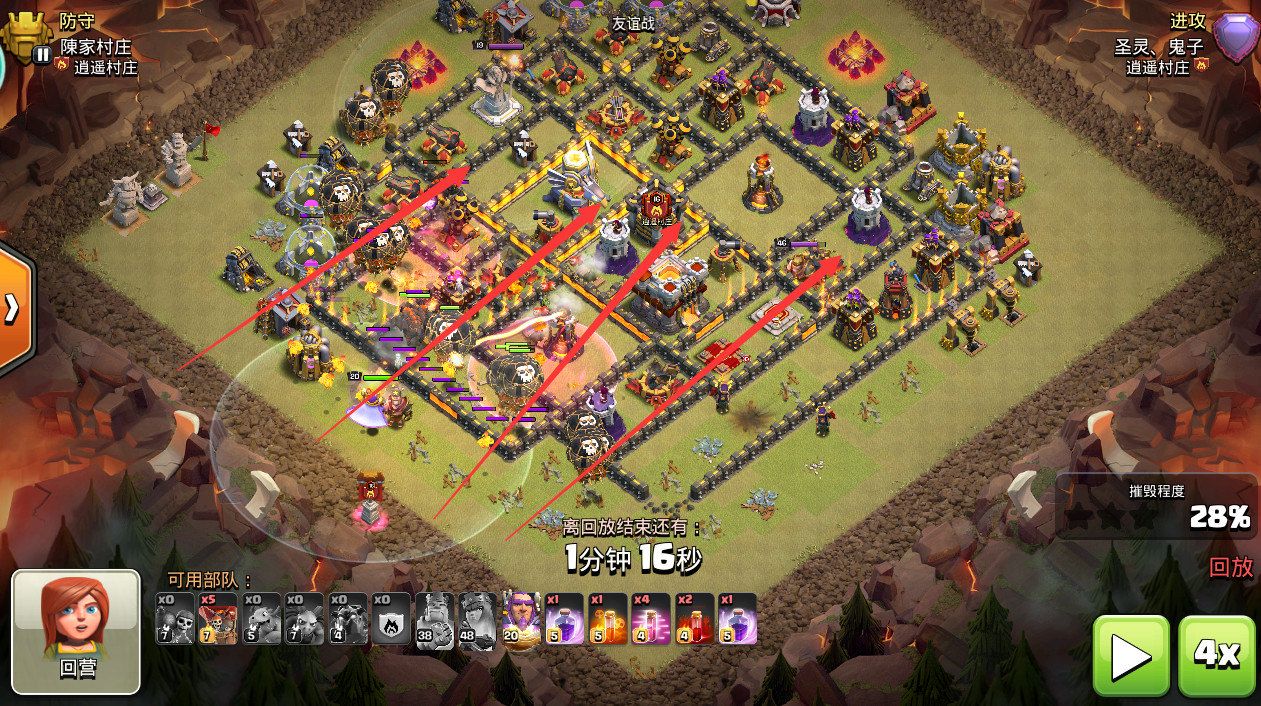 陷阱應(yīng)對(duì)策略:建議使用"偵查法術(shù)"標(biāo)記敵方陷阱,重點(diǎn)關(guān)注"巨型炸彈"(通常布置在城墻內(nèi)2格)、"彈簧陷阱"(通常布置在通道狹窄處)、"空中炸彈"。
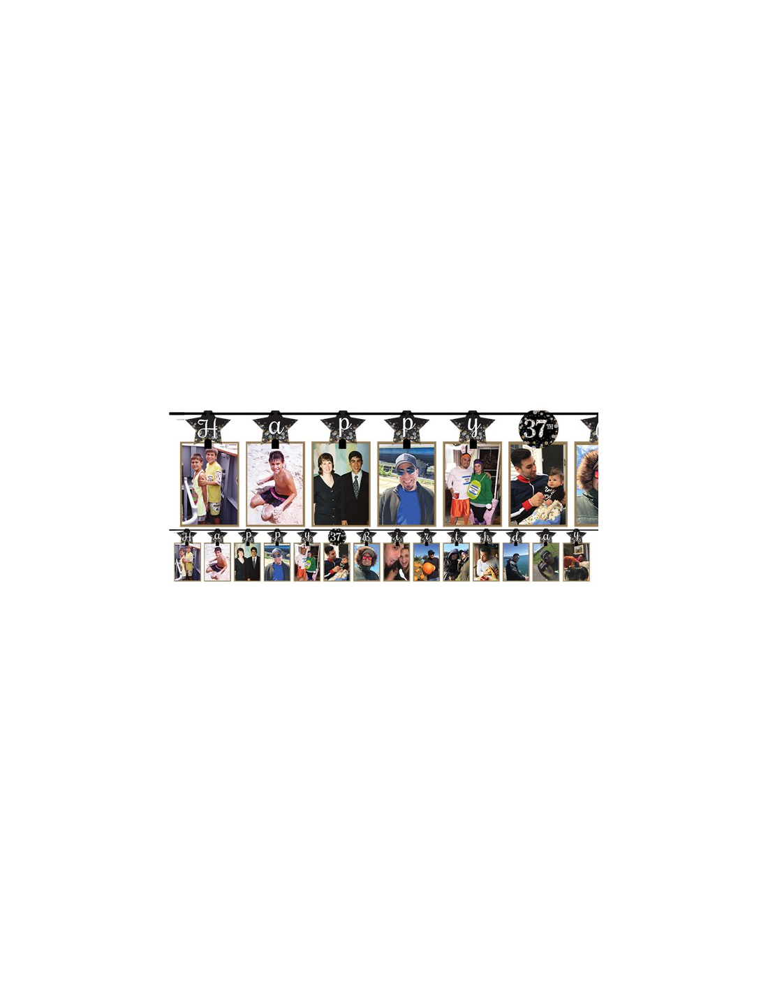 Célébrez des souvenirs spéciaux avec cette magnifique guirlande de photos d'anniversaire. Elle comporte des pinces à linge avec des découpes en étoile noire qui indiquent "Joyeux Anniversaire". Une découpe ronde vous permet de personnaliser cette bannière en ajoutant l'âge avec les autocollants inclus.
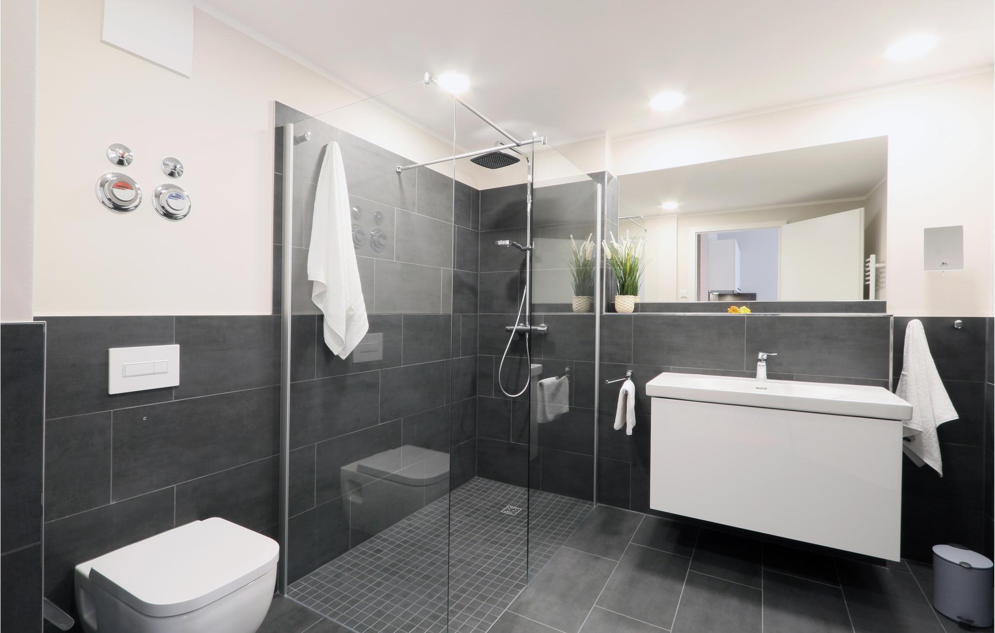Badezimmer (nr. 1) - WC. Warmes und kaltes Wasser. Dusche
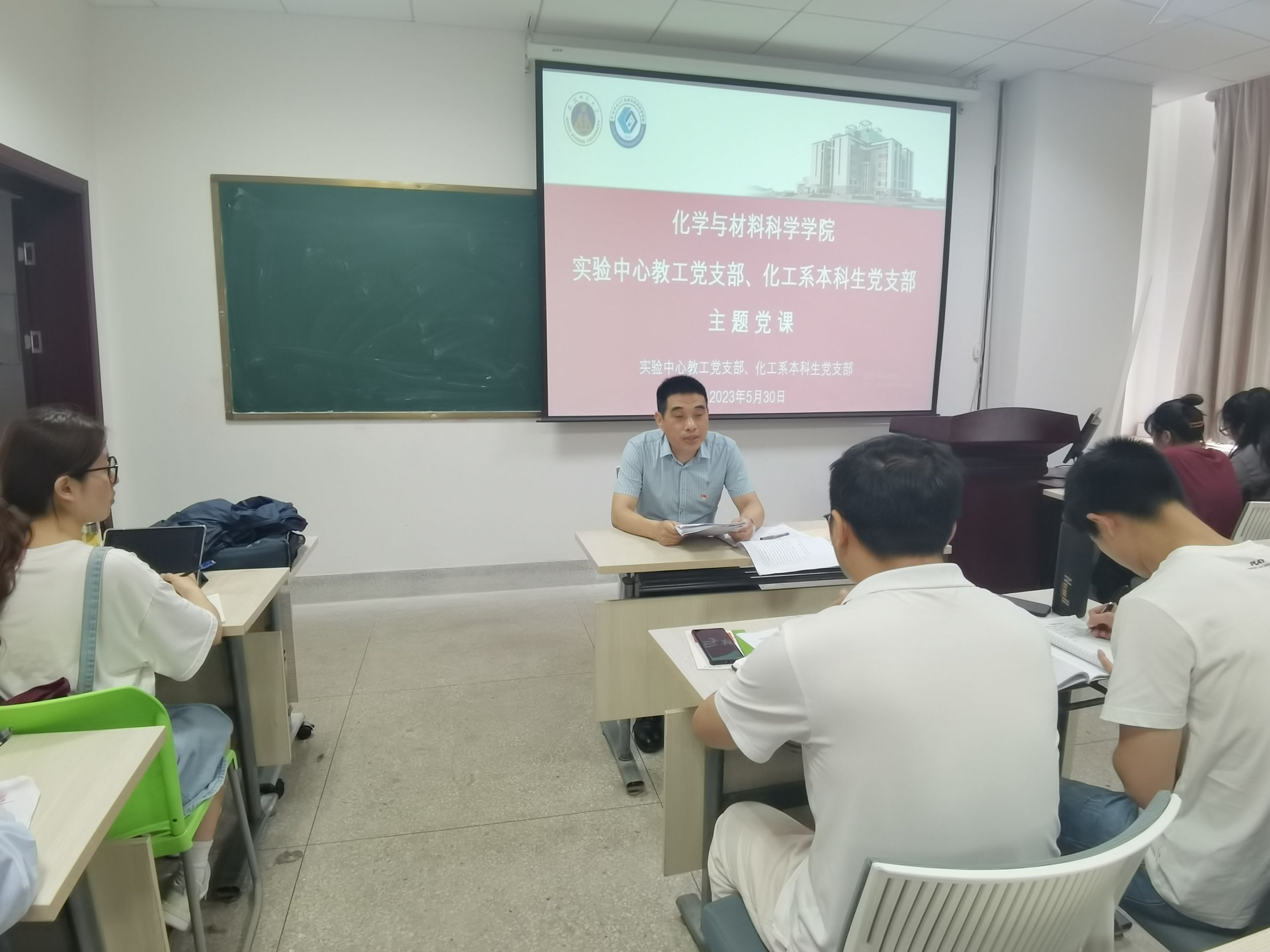 党委委员、副院长王波涛在礼勤楼838会议室为实验中心教工党支部和化工系本科生党支部讲授题为“学习贯彻习近平新时代中国特色社会主义思想暨实验室安全管理工作主题教育”的专题党课,会议由化工系本科生党支部书记张浩主持。
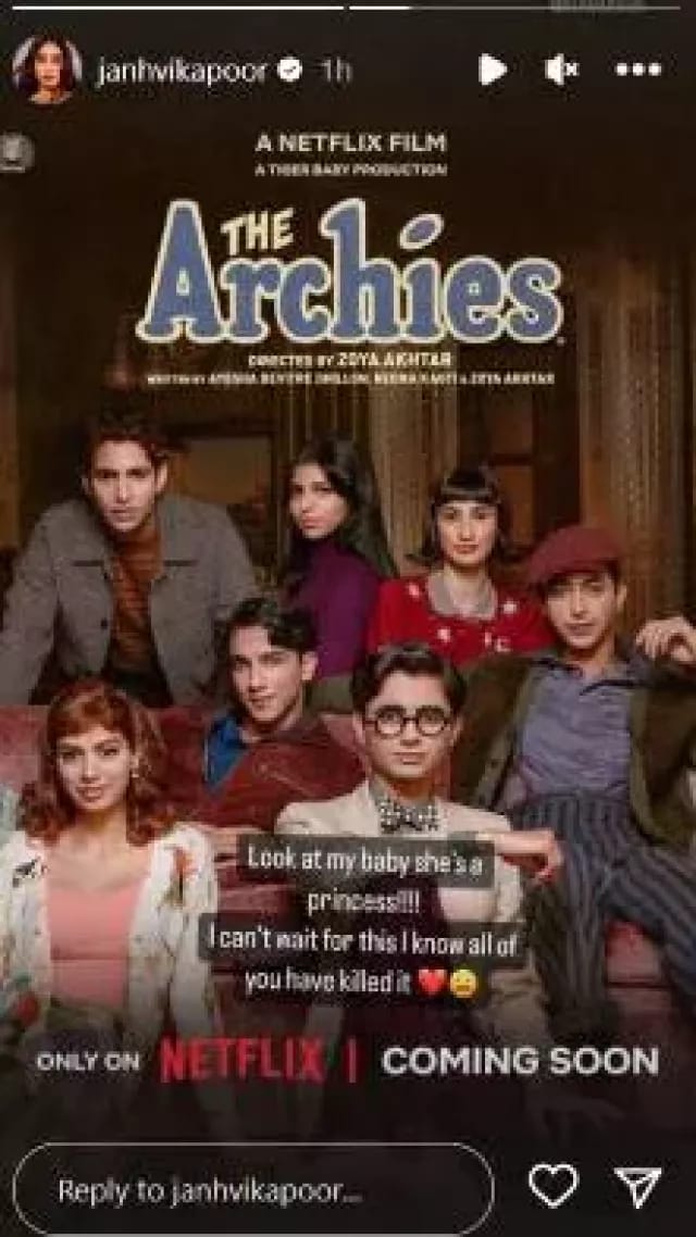 Meanwhile, the makers of 'The Archies' have unveiled a new poster of the film, out on june 12, 2023, which shows the cast posing around a sofa. She was seen sporting a retro look and Khushi looked drop-dead gorgeous in a peach-layered top paired with an off-white cardigan and a checkered skirt. Janhvi reacted to the poster and showered love on Khushi Kapoor. Sharing the poster on his instagram story, he called her a 'princess' and wrote, "Look at my baby girl she is a princess!!!! I can't wait for this I know you all kill it ''
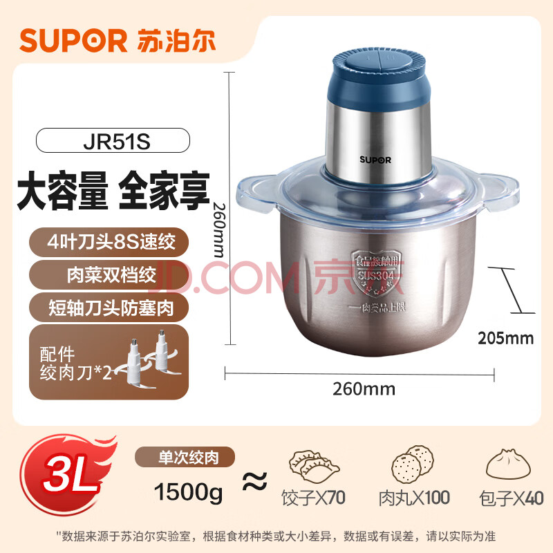 商品相册:苏泊尔(SUPOR)绞肉机 家用多功能搅拌机不锈钢料理机3L大容量秒速绞馅婴儿辅食机绞馅机 JR51S第
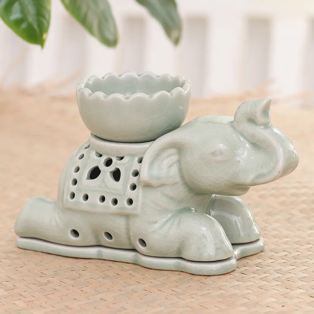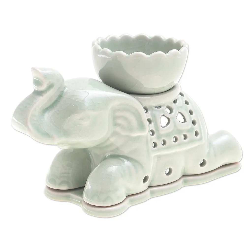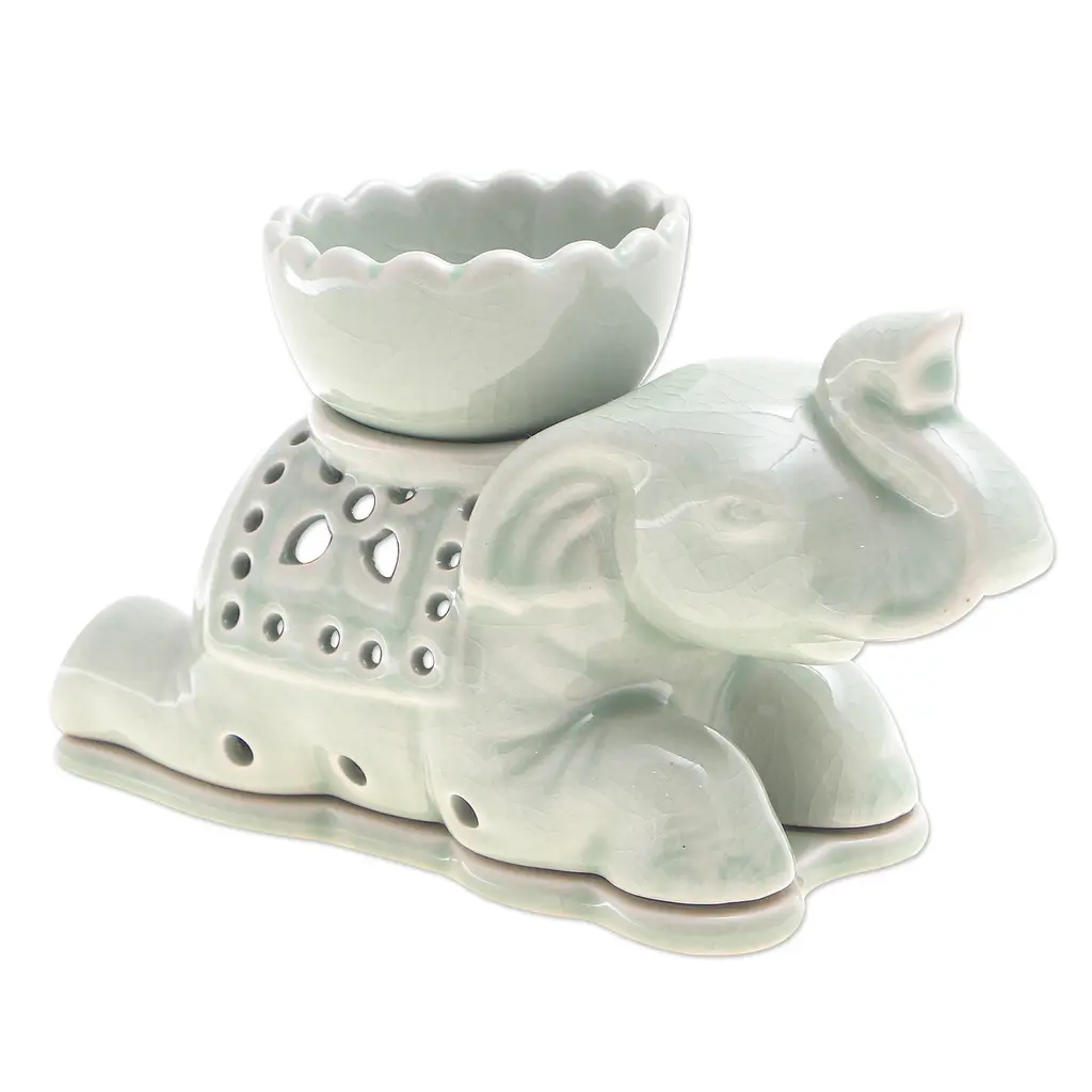 Handcrafted Celadon Oil Warmer- Royal Elephant

::::::::::

— EXERCISE GOAL —
Every entry above should be returned exactly, with no images included.

— RESPONSE —
 陷阱應(yīng)對(duì)策略:建議使用"偵查法術(shù)"標(biāo)記敵方陷阱,重點(diǎn)關(guān)注"巨型炸彈"(通常布置在城墻內(nèi)2格)、"彈簧陷阱"(通常布置在通道狹窄處)、"空中炸彈"。
 Célébrez des souvenirs spéciaux avec cette magnifique guirlande de photos d'anniversaire. Elle comporte des pinces à linge avec des découpes en étoile noire qui indiquent "Joyeux Anniversaire". Une découpe ronde vous permet de personnaliser cette bannière en ajoutant l'âge avec les autocollants inclus.
Badezimmer (nr. 1) - WC. Warmes und kaltes Wasser. Dusche
 党委委员、副院长王波涛在礼勤楼838会议室为实验中心教工党支部和化工系本科生党支部讲授题为“学习贯彻习近平新时代中国特色社会主义思想暨实验室安全管理工作主题教育”的专题党课,会议由化工系本科生党支部书记张浩主持。
 Meanwhile, the makers of 'The Archies' have unveiled a new poster of the film, out on june 12, 2023, which shows the cast posing around a sofa. She was seen sporting a retro look and Khushi looked drop-dead gorgeous in a peach-layered top paired with an off-white cardigan and a checkered skirt. Janhvi reacted to the poster and showered love on Khushi Kapoor. Sharing the poster on his instagram story, he called her a 'princess' and wrote, "Look at my baby girl she is a princess!!!! I can't wait for this I know you all kill it ''
 商品相册:苏泊尔(SUPOR)绞肉机 家用多功能搅拌机不锈钢料理机3L大容量秒速绞馅婴儿辅食机绞馅机 JR51S第
 Handcrafted Celadon Oil Warmer- Royal Elephant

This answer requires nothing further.